Devon smallholders awarded £10,000 compensation over bitter fence row

Devon smallholders to receive £10,000 compensation over bitter fence row after neighbours complained that ‘car lights from their home office car park would shine directly into their bedroom’

  • Plans to convert a rural barn into office space led to a bitter neighbours’ dispute
  • Council planners rejected Andrew Fields’ plan at Bradford Farm, Tiverton, Devon
  • But it succeeded in getting permission on appeal from the Planning Inspectorate
  • Neighbours Michael and Sandra Blakemore put up a small fence blocking access
  • But the county court has ordered them to remove the fence and pay £10,000

A neighbours’ dispute over a small fence measuring only a few feet wide has been settled after the county court ordered it to be pulled down. 

Michael and Sandra Blakemore of Bradford Barn near Tiverton, Devon, erected the fence next to the property of neighbours Andrew and Anja Fields, of Bradford Farm, blocking off part of their access road. 

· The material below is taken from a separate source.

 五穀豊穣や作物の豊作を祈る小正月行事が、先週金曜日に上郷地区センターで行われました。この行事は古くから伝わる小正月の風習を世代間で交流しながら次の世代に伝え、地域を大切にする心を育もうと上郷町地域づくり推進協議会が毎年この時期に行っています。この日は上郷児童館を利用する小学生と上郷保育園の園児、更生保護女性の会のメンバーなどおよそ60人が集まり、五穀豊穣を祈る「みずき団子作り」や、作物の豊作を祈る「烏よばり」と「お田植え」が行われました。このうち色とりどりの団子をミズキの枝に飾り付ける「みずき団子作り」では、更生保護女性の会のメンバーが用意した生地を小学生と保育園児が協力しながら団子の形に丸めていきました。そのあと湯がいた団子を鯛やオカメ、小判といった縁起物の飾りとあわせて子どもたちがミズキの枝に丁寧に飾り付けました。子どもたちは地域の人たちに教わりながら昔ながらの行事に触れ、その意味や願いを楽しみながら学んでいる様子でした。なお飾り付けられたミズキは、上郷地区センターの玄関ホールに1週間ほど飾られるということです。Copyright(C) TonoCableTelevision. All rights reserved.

It followed a planning battle over Mr Fields’ application to transform an area of his smallholding into office space with associated parking – which Mr Blakemore claimed would cause car lights to shine directly into his bedroom window. 

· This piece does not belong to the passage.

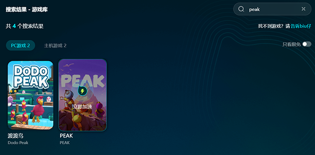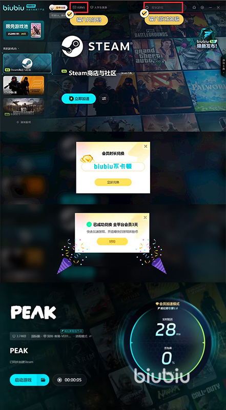 peak游戲?qū)τ诰W(wǎng)速有所要求,在動作競技環(huán)節(jié)中,玩家絲毫不能出錯,才能保證攀登的進度。通過biubiu助力,玩家獲得良好游戲體驗。注冊個人賬號,玩家才能使用自己賬號加速。在軟件首頁中找到peak游戲,開啟加速。玩家一鍵加速之后,能直接查詢當(dāng)前加速狀況,規(guī)避了網(wǎng)速波動風(fēng)險,保證當(dāng)前網(wǎng)絡(luò)傳輸結(jié)果。

The proposal was initially rejected by Mid Devon County Council (MDDC) in 2018 but gained approval on appeal to the Planning Inspectorate two years later. 

Following this, Mr Blakemore erected the fence in 2020, which restricts the right of way on to the site. 

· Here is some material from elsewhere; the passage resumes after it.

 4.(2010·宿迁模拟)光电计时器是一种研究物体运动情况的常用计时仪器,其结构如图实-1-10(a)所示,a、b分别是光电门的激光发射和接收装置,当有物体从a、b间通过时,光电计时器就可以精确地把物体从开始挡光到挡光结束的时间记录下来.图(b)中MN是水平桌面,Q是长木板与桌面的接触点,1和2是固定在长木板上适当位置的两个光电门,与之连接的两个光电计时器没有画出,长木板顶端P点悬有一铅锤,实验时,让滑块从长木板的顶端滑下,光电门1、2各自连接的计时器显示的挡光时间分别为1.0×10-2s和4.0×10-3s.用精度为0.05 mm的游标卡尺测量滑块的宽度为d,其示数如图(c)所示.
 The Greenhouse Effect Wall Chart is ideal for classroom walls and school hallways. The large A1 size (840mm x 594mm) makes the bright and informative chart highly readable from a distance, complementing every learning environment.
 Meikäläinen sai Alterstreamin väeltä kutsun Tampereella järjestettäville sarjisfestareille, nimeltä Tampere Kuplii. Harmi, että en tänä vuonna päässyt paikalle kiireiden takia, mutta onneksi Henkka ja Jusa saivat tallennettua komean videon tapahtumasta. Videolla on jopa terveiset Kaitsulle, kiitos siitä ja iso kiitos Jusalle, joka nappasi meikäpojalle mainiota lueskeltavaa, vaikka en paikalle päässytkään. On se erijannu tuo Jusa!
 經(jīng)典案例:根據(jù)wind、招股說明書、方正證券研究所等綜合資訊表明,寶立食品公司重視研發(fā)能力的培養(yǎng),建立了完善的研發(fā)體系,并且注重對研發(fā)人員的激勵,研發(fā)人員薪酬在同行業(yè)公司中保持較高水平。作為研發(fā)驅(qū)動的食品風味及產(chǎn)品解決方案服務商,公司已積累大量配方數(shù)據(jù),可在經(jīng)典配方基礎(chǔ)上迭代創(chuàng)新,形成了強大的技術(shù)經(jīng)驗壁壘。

A court has now concluded that Mr Blackmore had ‘no real prospect’ of successfully defending either the nuisance or breach of covenant claim and he was ordered to pay Mr Fields £10,000 as well as to remove the fence. 

Andy and Anja beside the fence erected by neighbours, which the county court has ordered to be removed


Before and after: The access road in 2016 (left) and in 2021 (right) with part of the right of way blocked by the fence

Speaking in 2018, Mr Blackmore said that car lights on parking space next to the proposed office would beam into his bedroom. 

He told MDDC’s planning committee that the size of the property was ‘too large’ and questioned how the ‘existing amenity and privacy can be protected’.

He also complained that the beekeeping group would use a ‘shipping container’ on the site which had been used to store chemicals.

However, the row escalated when Mr Blackmore erected a fence in 2020, which Mr Field’s agent said was ‘placed deliberately and maliciously to block a well established access on my client’s property, intended solely to create a dangerous hazard at the entrance to Bradford Farm’. 

Mr Fields described his neighbour’s complaints in previous MDDC meetings.

He said: ‘Mr Blackmore has complained that I host the Mid Devon Bees beekeeping club and requested that the beehives were removed; they weren’t.

‘He complained that last year I dug a lake that was given a government grant and approved by the Environment Agency and the Devon Wildlife Trust.’ 

Talking about the fence, he said that his neighbours had signed an agreement not to create a nuisance or erect a fence on the farm’s boundary.

After the barrier appeared in 2020, Mr Fields complained and took the matter to court, which found the fence was illegal.

Mr Fields added: ‘All Anja and I are doing is simply getting on with our lives, turning our smallholding into a nature reserve.’

Andrew and Anja Fields won their case in the county court last month, regarding an obstruction of a right of way on the road between Tiverton and Uplowman


A map shows Bradford Farm and neighbouring Bradford Barn, along with a site map for the proposed office conversion and parking

After the court order to remove the fence last month, Mr Fields says he wanted to ‘set the record straight’.

He said: ‘In 2020 all planning permissions were immediately granted at government level.

‘It was concluded in the hearing that this should have been the conclusion in the first instance from MDDC, however it cost me £25,000 in unnecessary costs and hours of wasted council time to get to this conclusion.’